▶ _Supplied information_
========================================================================

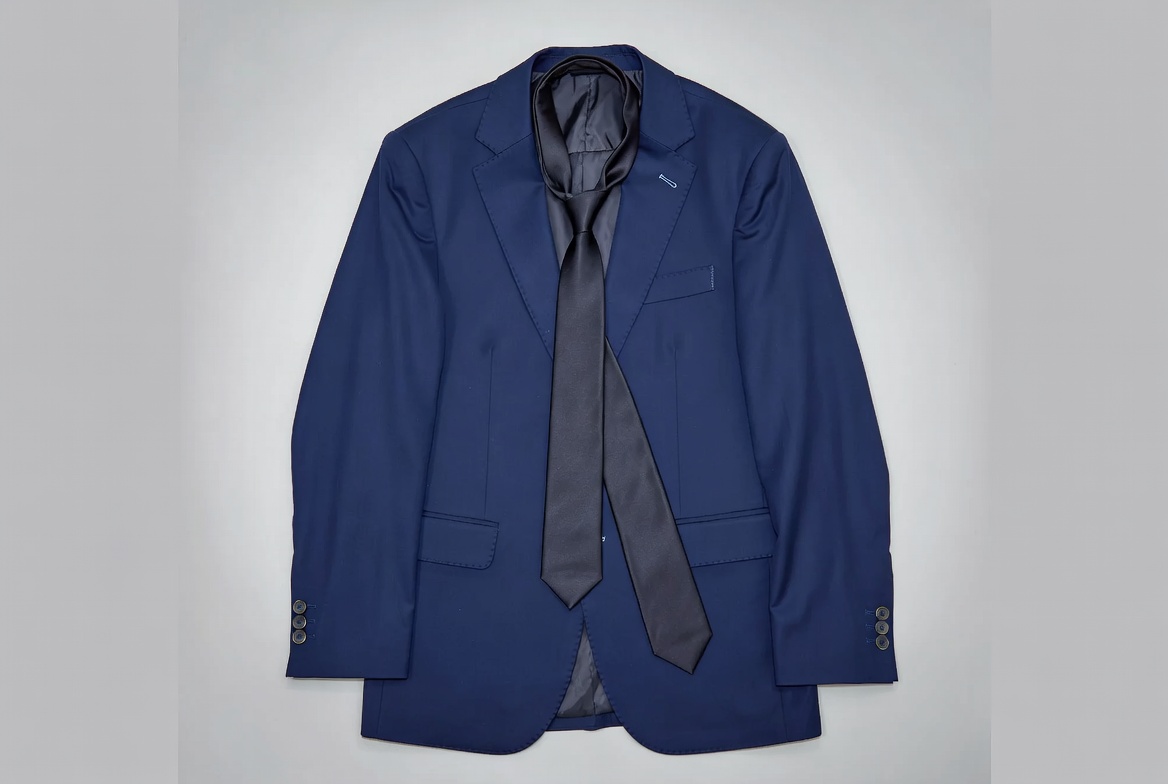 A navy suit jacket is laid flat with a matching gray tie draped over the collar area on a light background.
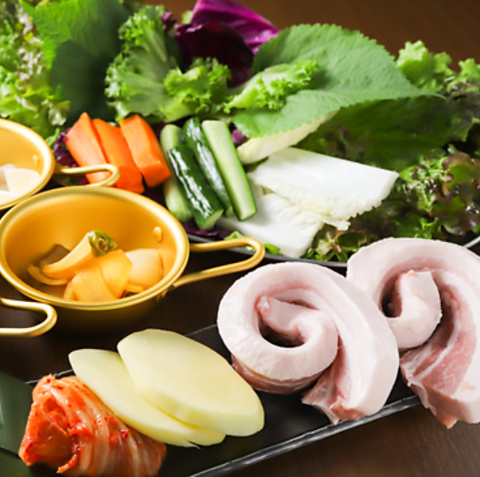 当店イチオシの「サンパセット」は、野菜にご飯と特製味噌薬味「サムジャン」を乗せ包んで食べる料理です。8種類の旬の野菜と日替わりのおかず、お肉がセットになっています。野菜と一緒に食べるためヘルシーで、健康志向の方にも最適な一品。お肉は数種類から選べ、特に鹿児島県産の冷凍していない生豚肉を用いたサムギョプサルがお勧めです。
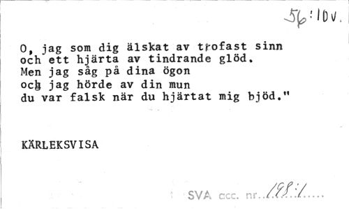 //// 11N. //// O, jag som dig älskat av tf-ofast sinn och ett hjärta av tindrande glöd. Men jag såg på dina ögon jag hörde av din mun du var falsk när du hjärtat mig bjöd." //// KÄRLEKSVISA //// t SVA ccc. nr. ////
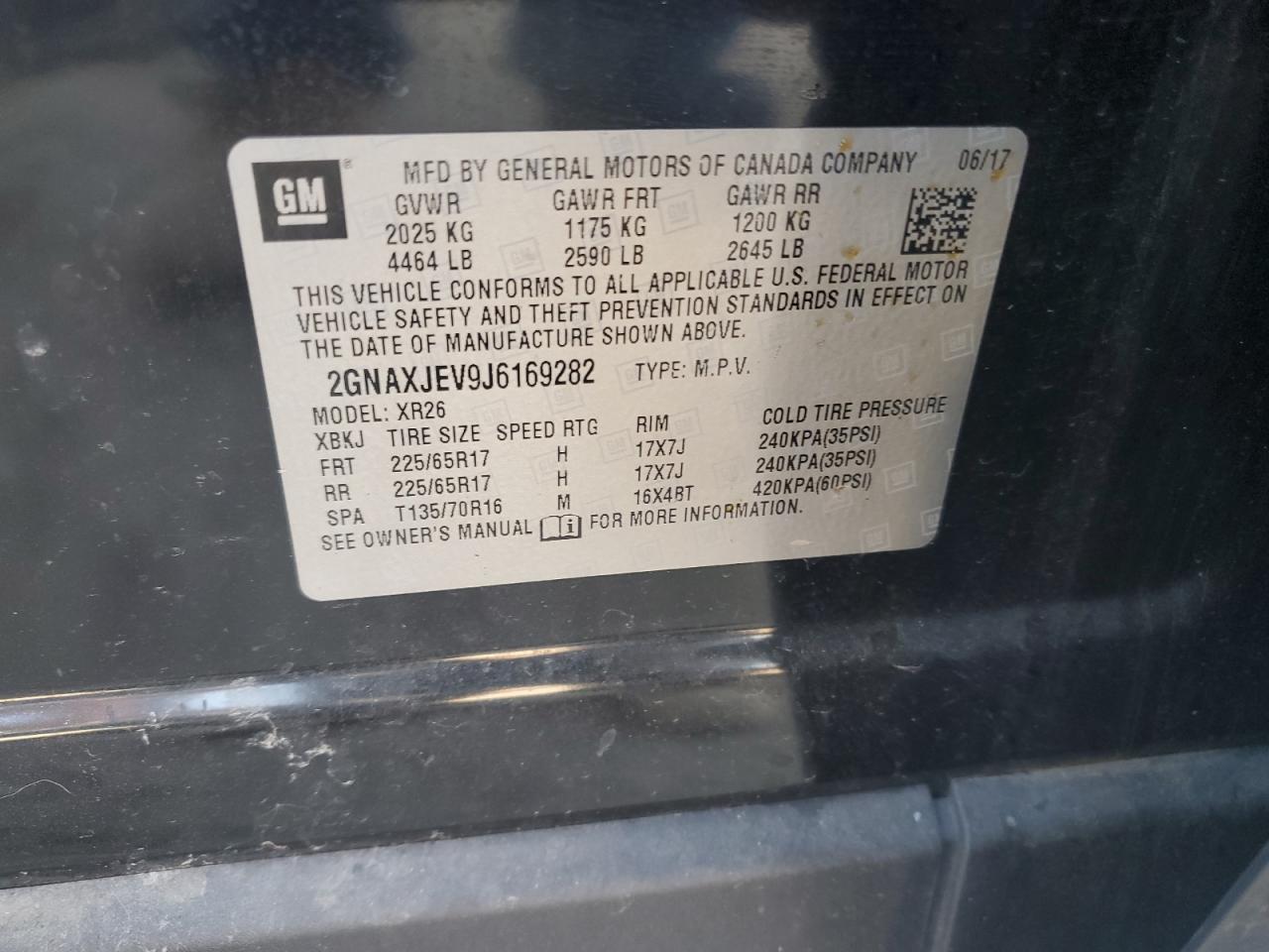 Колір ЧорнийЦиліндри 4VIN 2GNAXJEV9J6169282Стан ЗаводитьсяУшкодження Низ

========================================================================

▶ _Problem statement_
Copy out the full material exactly. Pictures should not appear in it.

▶ _Exercise solution_
 A navy suit jacket is laid flat with a matching gray tie draped over the collar area on a light background.
 当店イチオシの「サンパセット」は、野菜にご飯と特製味噌薬味「サムジャン」を乗せ包んで食べる料理です。8種類の旬の野菜と日替わりのおかず、お肉がセットになっています。野菜と一緒に食べるためヘルシーで、健康志向の方にも最適な一品。お肉は数種類から選べ、特に鹿児島県産の冷凍していない生豚肉を用いたサムギョプサルがお勧めです。
 //// 11N. //// O, jag som dig älskat av tf-ofast sinn och ett hjärta av tindrande glöd. Men jag såg på dina ögon jag hörde av din mun du var falsk när du hjärtat mig bjöd." //// KÄRLEKSVISA //// t SVA ccc. nr. ////
 Колір ЧорнийЦиліндри 4VIN 2GNAXJEV9J6169282Стан ЗаводитьсяУшкодження Низ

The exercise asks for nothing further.